Steve, thanks for your comments.
> The recent change to Pop11, that of making input/output locals be
> implicitly declared as "lvars" goes part of the way towards this.
> And because I believe that this is a highly desirable change, I
> am pleased to see it. Aaron's complaints about the change are, I
> think, not so much about the merit of the change but about the
> migration policy that was adopted
Yes. A (final) summary:
(a) some very old books and teach files will be made out of date, but I
am not so worried about that as I am not sure they are used much -- but
those in the poplog system should have been updated. Fortunately making
input and output variables default to lvars will hardly affect
documentation and libraries I've produced over the last five or six
years as I've been using lvars explicitly anyway;
(b) disallowing a combined dlocal and permanent declaration has no
justification. (I am not convinced by any of the arguments so far
adduced). (Maybe the real justification has something to do with POPC,
though I'll be very surprised if anyone outside Sussex and ISL ever
wraps their brain around POPC.)
(c) allowing a global compile_mode switch rather than introducing new
syntax for the new defaults seems to me to be a recipe for long term
problems as there will be code fragments that people will develop under
different assumptions, and then the attempts to combine them will not
work. (I am not talking about professional software engineers, but
students, harrassed and overworked teachers, non-serious users, etc. But
it could afflict some professionals too: not all of them will remember
to put the appropriate compile_mode declaration in every file, if they
have been using the "global" option.)
I assume the developers could not face replacing all occurrences of
"define... enddefine" with "defun ... enddefun", and replacing
"procedure .... endprocedure" with "lamda ... endlambda", or whatever.

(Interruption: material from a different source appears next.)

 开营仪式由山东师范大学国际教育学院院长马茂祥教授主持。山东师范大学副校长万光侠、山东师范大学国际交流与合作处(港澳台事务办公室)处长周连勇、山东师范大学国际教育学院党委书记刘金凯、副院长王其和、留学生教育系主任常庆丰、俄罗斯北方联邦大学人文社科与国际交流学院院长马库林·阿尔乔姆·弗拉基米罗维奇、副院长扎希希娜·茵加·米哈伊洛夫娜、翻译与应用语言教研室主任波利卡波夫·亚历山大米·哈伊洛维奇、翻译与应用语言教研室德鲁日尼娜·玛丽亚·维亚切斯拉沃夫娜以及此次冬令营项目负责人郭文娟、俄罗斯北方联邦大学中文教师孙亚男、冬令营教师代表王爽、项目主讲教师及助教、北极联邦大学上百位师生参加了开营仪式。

That would have made it easy to write an appendix to the primer on the
new syntax for pop95.
Your idea of a new file suffix for a new subsystem is better than using
the compile_mode declaration, but I still think people will transfer
bits of code and get into unnecessary muddles. If the procedure header
syntax were new, the muddles would not arise. I think that once define
and procedure had new (optional) replacements then "for" and other
things would not need a new syntax: the new semantics could go with the
procedure header, which would normally be visible as a clear reminder.
Anyhow, that's water under the bridge now.
> ....
> The missing category of contant-lexical
> variables is sorely missed in Pop11. (N.B. lconstant is
> an entirely different concept, despite the name.)

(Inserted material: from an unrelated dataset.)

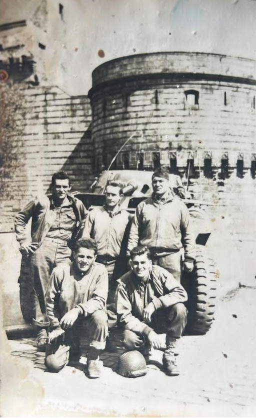 | The picture shows 1LT Duca in front of Recon-3, usually the replacement vehicle assigned to the Maintenance Section of the Troop HQ, at Chateau des Ducs de Bretagne in Nantes where the unit was attached to the 330th in August and September of 1944. Photos courtesy of Jean Paas |

yes. Something like "lprotect" ?
Also I seem to recall, from discussions with Rob Duncan about 6 or seven
years ago that we decided there was a need for a type 4 lexical, for
optimising things like ML. But I can't now remember what that was.
Perhaps he does. Maybe something between type 2 and type 3.
> ...
> All these suggestions need justifying and I don't propose to
> do that here since the arguments are extensive. However, all these
> ideas are present in Pepper and this is a demonstration of how
> they all play together marvellously to create a simpler language
> that is (in my view) easier, safer and more natural to program
> with.
Maybe that's where the future of Pop-11 lies, not in Poplog perhaps, but
as a stand-alone, single language system. When will others have access
to it? I assume HP would not wish to turn it into a product?